■ Exercise instructions ■
With the pictures left out, print exactly the lines below that run from the one containing "Agora a mutação..." through the one containing "Fáilte (Irlandês/Gaélico) quer".

(Dataset excerpts)
═══

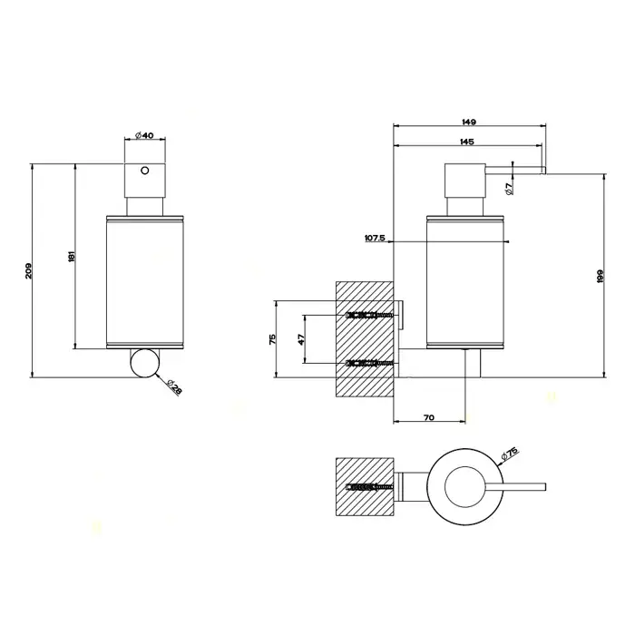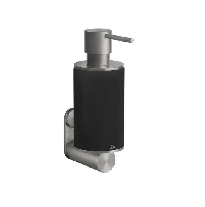 Gessi 316 Accessories Дозатор для жидкого мыла настенный, с черной колбой, цвет: steel brushed 54714#239
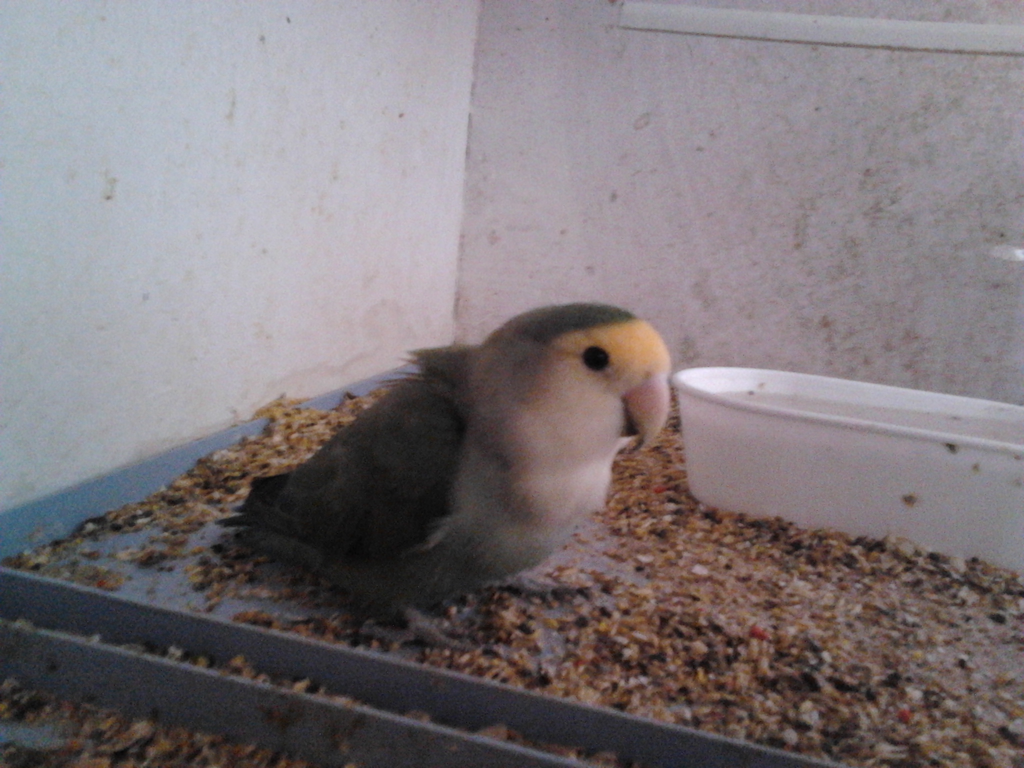 Agora a mutação... as fotos não mostram muito bem a cor, será cinzenta, mais clara no peito, com testa salmão e peito branco?
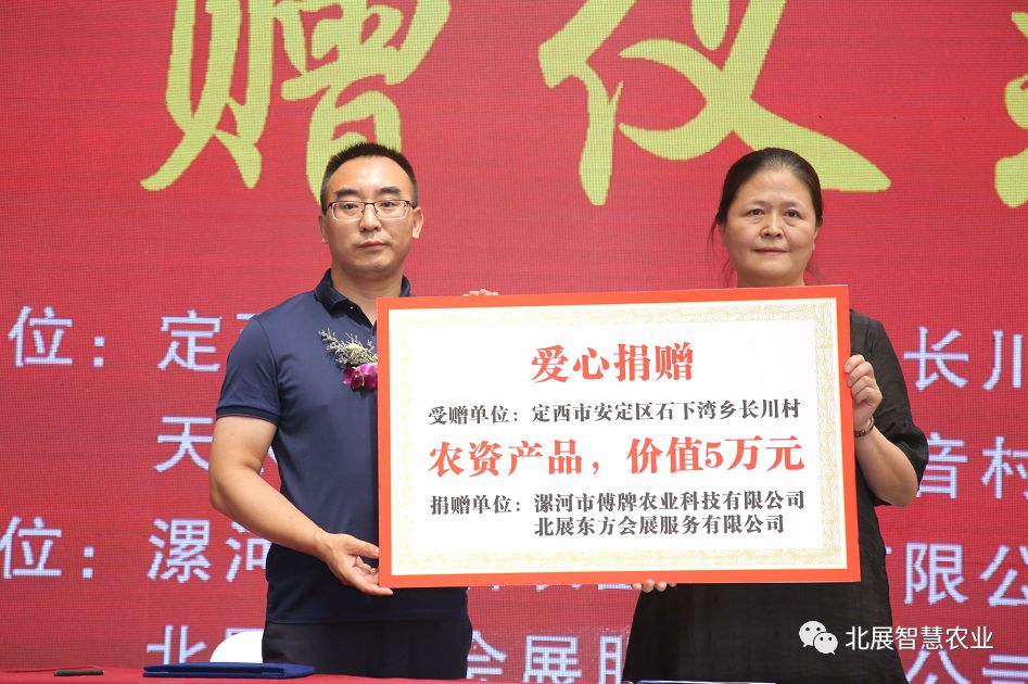 論壇同期還舉辦了公益扶貧項目捐贈活動。漯河市傅牌農(nóng)業(yè)科技有限公司出資10萬元對定西市安定區(qū)石下灣鄉(xiāng)長川村、天水市清水縣山門鎮(zhèn)觀音村農(nóng)資設施進行捐贈。漯河市傅牌農(nóng)業(yè)科技有限公司董事長傅世平、甘肅省廣播電視大學扶貧辦公室主任李軍、甘肅省自然能源研究所幫扶主任(駐定西市安定區(qū)石下灣鄉(xiāng)長川村第一書記)馮小云先生上臺進行捐贈儀式。
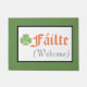 Fáilte (Irlandês/Gaélico) quer dizer bem-vindo! Texto, estilo celta shamrock e cores da bandeira da Irlanda.
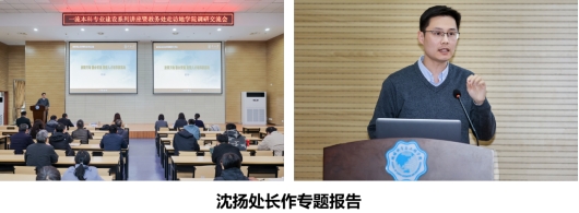 教务处交流报告环节,沈扬处长作《放眼天地融会贯通勇登人才培养新高地》专题报告。他首先对地球科学与工程学院全体教师为本科教学的辛勤付出及卓有成效的工作表示衷心感谢。在报告中,沈扬处长从工程教育走过技术范式、科学范式、工程范式和创新融合的发展历程,引出人才培养的时代任务,并指出课程是本科教学改革工作的灵魂。他表示,即将到来的审核评估,其基本思想与专业认证的OBE理念高度相通,学院作为在全校较早开展专业认证并取得显著成效的学院,应发挥先锋示范作用。他也从学校、专业两个层面详细生动阐述了OBE理念思想内核及实践路径,特别强调了校院协同构建以学生学习成果为导向的教育教学质量保障体系对学校人才培养工作提升的重要作用。同时,沈扬处长通过纵横向数据对比,客观分析了学院在专业建设方面取得的成绩,以及在课程建设、教学改革等方面需要继续发力的方向。最后,他表示教务处将继续全力支持学院在专业发展和建设上的工作,并欢迎广大教师在教务处提供的多条沟通渠道中对教务处工作广泛监督并建言献策。
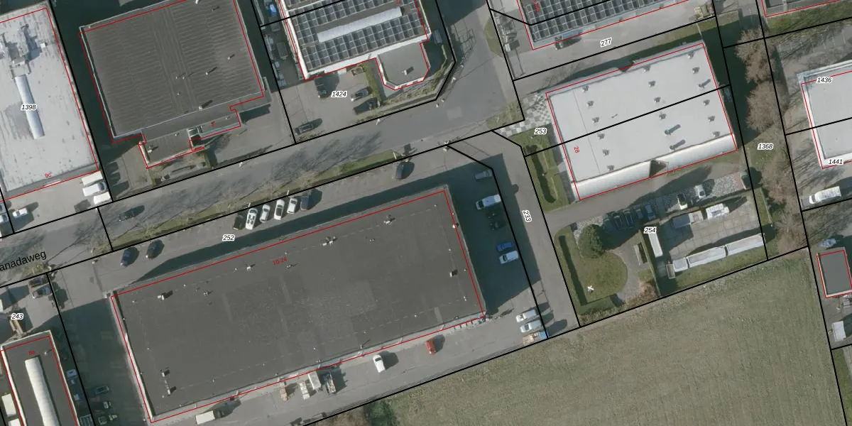 Het perceel waarop Canadaweg 16-a staat heeft een oppervlakte van 5586 m². Dit is een zeer groot perceel. De perceeloppervlakte wordt geregistreerd door het Kadaster. Gedetailleerde informatie over de maten van dit perceel kunt u vinden in het rapport Kadastrale kaart met maatvoering van Canadaweg 16-a.
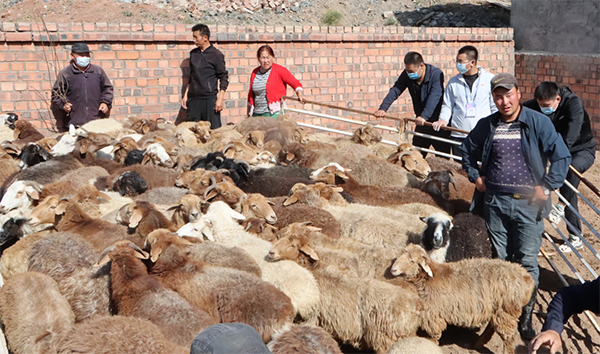 村民吐尔逊·哈孜赶着家里80只羊来洗药浴,在队员们的帮助下,半个多小时就全部洗完。“以前,村里没有洗羊池,我要赶羊两三个小时到别的村去,洗一只羊要1元钱。自从2019年村里来了工作队,每年我们在家门口就能免费洗羊,他们给我们做了实实在在的好事,感谢工作队。”他说。
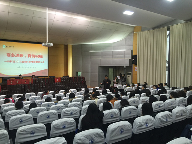 本网讯(教科院 马兴)你的未来,我们助航。11月22日下午,教科院在田家炳报告厅开展了一系列活动推进2017届毕业生就业。院党委书记刘晓宇、院长桑青松、科研副院长聂竹明出席了本次会议,毕业班辅导员马兴、2017届全体本科毕业生参加此次大会。会议由学院党委副书记张如华主持。
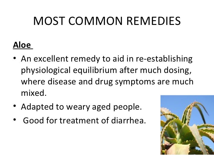 - 146. MOST COMMON REMEDIES Aloe• An excellent remedy to aid in re-establishing physiological equilibrium after much dosing, where disease and drug symptoms are much mixed.• Adapted to weary aged people.• Good for treatment of diarrhea.
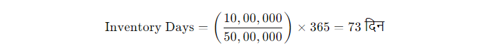 उसकी वार्षिक लागत ₹50,00,000 है, तो उसकी “इन्वेंटरी डेज़” की गणना इस प्रकार की जाएगी:
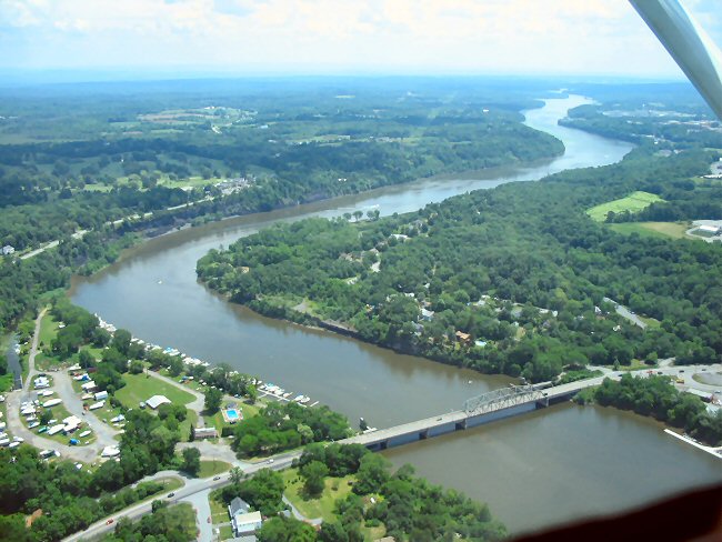 View of the Mohawk River toward the East with the Rexford Bridge in the foreground. The Schenectady Yacht Club facilities are at the left.
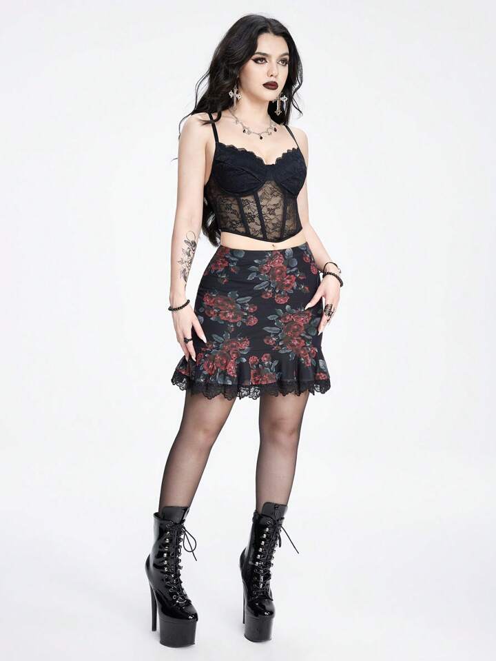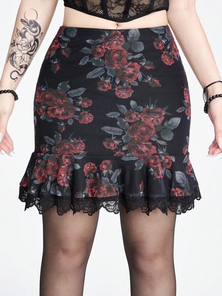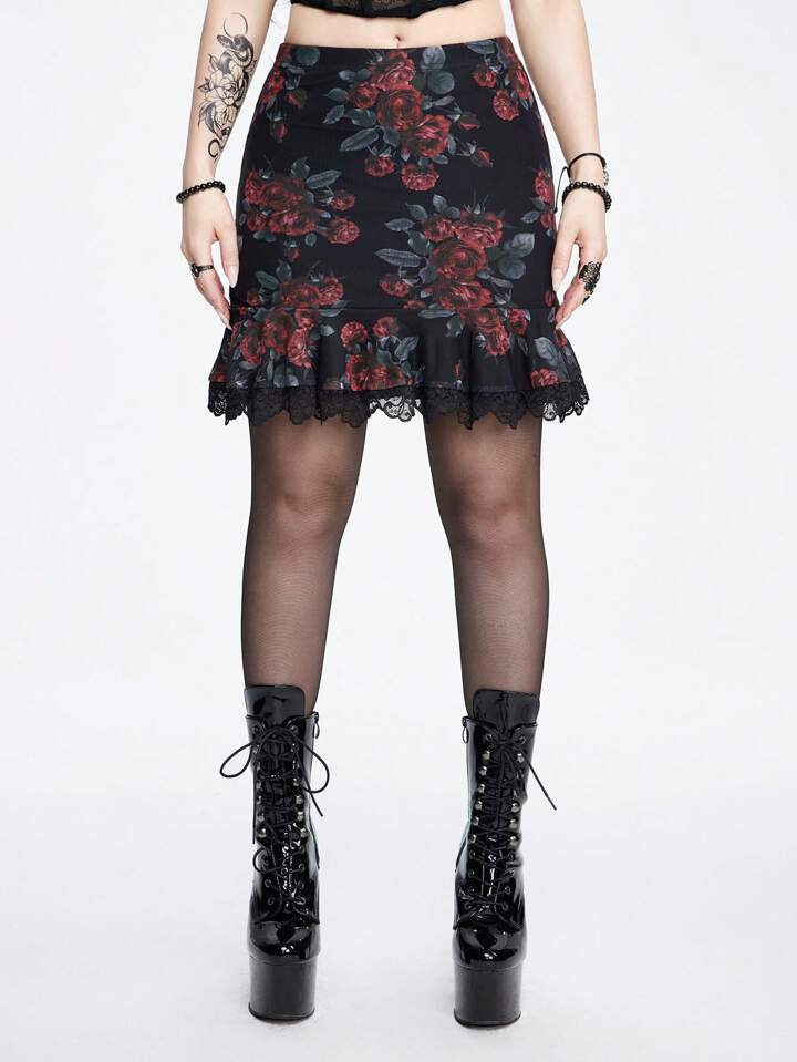 Goth Jupe mi-longue imprimée de vigne de roses pour femmes
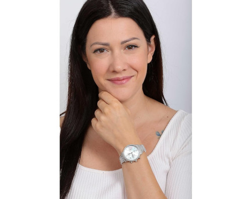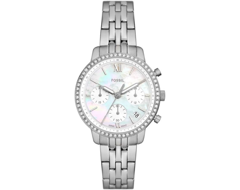 Quartz Womens Wristwatch Fossil Neutra ES5357 with Stainless steel case, with diameter 36 mm, Mother of pearl dial and Silver Stainless steel band.
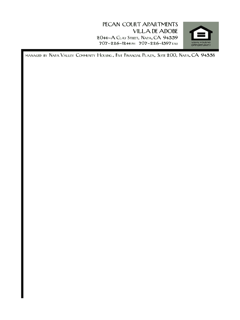 PECAN COURT APARTMENTS VILLA DE ADOBE 2044A Clay Street, Napa, CA 94559 7072261244 pH 7072261597 fax EQUAL HOUSING OPPORTUNITY managed by Napa Valley Community Housing, Five Financial Plaza, Suite

═══

■ Answer box ■
 Agora a mutação... as fotos não mostram muito bem a cor, será cinzenta, mais clara no peito, com testa salmão e peito branco?
 論壇同期還舉辦了公益扶貧項目捐贈活動。漯河市傅牌農(nóng)業(yè)科技有限公司出資10萬元對定西市安定區(qū)石下灣鄉(xiāng)長川村、天水市清水縣山門鎮(zhèn)觀音村農(nóng)資設施進行捐贈。漯河市傅牌農(nóng)業(yè)科技有限公司董事長傅世平、甘肅省廣播電視大學扶貧辦公室主任李軍、甘肅省自然能源研究所幫扶主任(駐定西市安定區(qū)石下灣鄉(xiāng)長川村第一書記)馮小云先生上臺進行捐贈儀式。
 Fáilte (Irlandês/Gaélico) quer dizer bem-vindo! Texto, estilo celta shamrock e cores da bandeira da Irlanda.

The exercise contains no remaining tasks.